In an open letter to the Gannett board, MNG Enterprises, which is owned by the hedge fund Alden Global Capital, offered on Monday to pay $12 cash per Gannett share, a 23 percent premium on the company’s closing price on Friday. Gannett shares closed 21 percent higher in New York.

MNG said in its letter Gannett had “suffered from a series of value-destroying decisions made by an unfocused leadership team.”

Operating under the name Digital First Media, MNG owns around 200 publications, including The Denver Post and The San Jose Mercury News in California. It said it was Gannett’s largest shareholder, with a 7.5 percent stake.

Gannett, which is based in McLean, Va., said in a statement its board would review the unsolicited proposal and that “no action needs to be taken” immediately.

Critics have described Alden as a “destroyer of newspapers” that is prone to “savage” layoffs, and as “one of the most ruthless of the corporate strip-miners seemingly intent on destroying local journalism.”

Alden’s bid comes amid a hollowing out of local newspapers across the country. Broader shifts in the media industry have devastated smaller publications over the past decade, with many closing and others reducing newsroom staffs and the number of times a week they are printed.

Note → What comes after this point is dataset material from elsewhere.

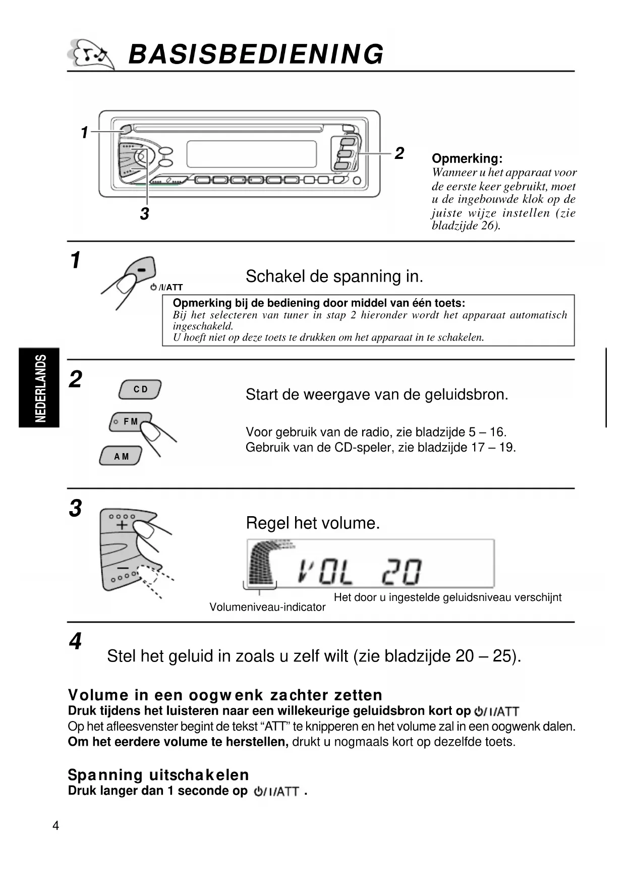 Volume in een oogwenk zachter zetten Druk tijdens het luisteren naar een willekeurige geluidsbron kort op . Op het afleesvenster begint de tekst “ATT” te knipperen en het volume zal in een oogwenk dalen. Om het eerdere volume te herstellen, drukt u nogmaals kort op dezelfde toets. Spanning uitschakelen Druk langer dan 1 seconde op . BASISBEDIENING Opmerking:Wanneer u het apparaat voorde eerste keer gebruikt, moetu de ingebouwde klok op dejuiste wijze instellen (ziebladzijde 26).Opmerking bij de bediening door middel van één toets:Bij het selecteren van tuner in stap 2 hieronder wordt het apparaat automatischingeschakeld.U hoeft niet op deze toets te drukken om het apparaat in te schakelen. 1

Gannett’s revenue has been relatively flat from 2014 to the end of 2017, but its profit has shrunk in that time to $97 million from over $280 million. The company has also cut its workforce sharply, including letting go many newsroom employees. A company overview from the end of 2015 recorded 19,600 employees. By the end of 2017, the figure was 15,300.

MNG did not outline how it planned to manage Gannett.